Most everyone’s heard of a ‘lemon law’. Designed to protect consumers from defective products, lemon laws often require automakers to buy back a bad vehicle (a lemon). If, for example, a vehicle under warranty has a problem that can’t be repaired after a few attempts (often 3 or 4), and/or spends more than a certain amount of time awaiting repairs (typically 30), it can be designated a lemon. The vehicle manufacturer must then offer to buy back the lemon (you can learn more about how lemon laws work here).
These lemon laws are on the books in every state in the USA, and they’ve been used by thousands of people to effectively “undue” the purchase of a poorly manufactured vehicle. However, automakers are trying to bypass these lemon laws by piggybacking on to mandatory arbitration clauses hidden in most dealership vehicle purchase agreements. Not only is this practice common (almost all dealers have mandatory arbitration clauses in their contracts), but it’s also being used to limit consumer’s rights to participate in class action lawsuits.
Basically, automakers are offering consumers a false choice: If you want a new car, you have to agree not to sue us. If you don’t want to forgo your legal right to sue, than you can’t buy a new car.
Arbitration Isn’t Bad, but Mandatory Arbitration Might not Be Fair
Arbitration is generally a very good thing for consumers. Unlike court action – which can take years and costs hundreds of thousands of dollars (or more), arbitration often only requires a token investment of a few hundred dollars – an amount that is refunded at the end of the proceeding if the consumer wins. While consumers can consult with or hire an attorney to represent them in an arbitration proceeding, arbitration doesn’t offer require hiring an attorney. A consumer just needs to make their case, present their paperwork, and wait for the arbitrator’s decision.
Automakers like arbitration too, for many of the same reasons. Arbitration is much more affordable (and much faster) than a traditional legal proceeding. This means lower costs for automakers trying to dispute a lemon law claim, and these lower costs ultimately help keep new vehicle prices down.
However, not all arbitration proceedings are equal. Automakers and dealers often specify which arbitration firms will be used in a proceeding, and that’s a problem. After all, it’s easy to imagine that some arbitration firms will error on the side of their corporate clients in an effort to secure more work in the future. What’s more, some arbitration proceedings place a great deal of emphasis on record keeping and documentation…two areas where consumers often come up short.
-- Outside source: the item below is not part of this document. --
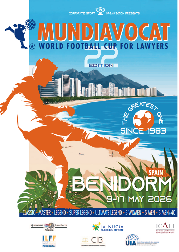 Il Presidente dell’Ordine di Alicante, ha trasmesso l'invito a partecipare al World Football Cup degli Avvocati MUNDIAVOCAT 2026 che si svolgerà dal 9 al 17 maggio a Benidorm in Spagna.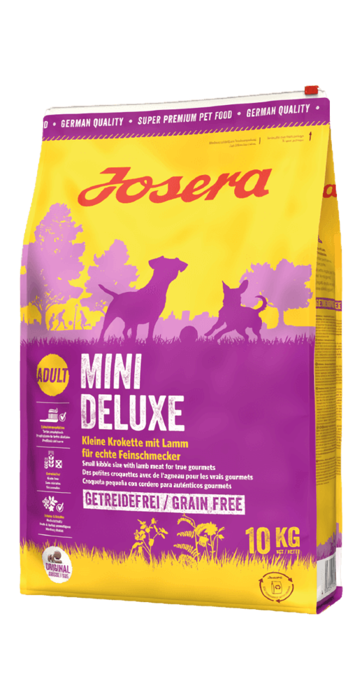 JOSERA MiniDeluxe цей корм пропонує нашим маленьким шибеникам смачну та водночас дуже добре перетравну їжу без зернових, замість цього з овочами, травами та плодами і великою кількістю м’яса ягня.

The point? Arbitration can be stacked against the consumer, especially when the arbitration firm is specified by the automaker or auto dealer.
The worst part is that arbitration is often mandatory. When you buy a new car, the contract often includes a mandatory arbitration clause. If you’re not willing to adhere to the clause, you can’t buy the car.
Class Action Rights Are Stripped Away in Many Agreements Too
In addition to forcing consumers to use an arbitration firm of the dealership or automaker’s choosing, most mandatory clauses also strip away a consumer’s right to participate in a class action lawsuit. Specifically, many mandatory arbitration agreements are binding. This means that a consumer can not go outside of the arbitration process to get financial relief for being wronged by the automaker.
If, for example, the automaker lies about a vehicle’s fuel economy rating (as Ford has recently done), or has a major safety flaw that lowers resale values, consumers would have to individually begin arbitration proceedings to get restitution…a step most consumers are unlikely to take.
Effectively, this means that an automaker can avoid class action lawsuits…and while that’s good for automakers, it’s arguably very bad for consumers. Without the threat of class action, automakers have little to fear from making disingenuous product claims, failing to account for all but the most obvious safety risks, etc.
What’s The Solution?
If you’re concerned about binding, mandatory arbitration clauses, the very best thing you can do is talk to your state legislator. State lawmakers can unilaterally make this problem go away by making mandatory arbitration clauses illegal. Additionally, supporting legal advocacy groups like Public Justice and Public Citizen can help make sure this issue (and others like it) are publicized.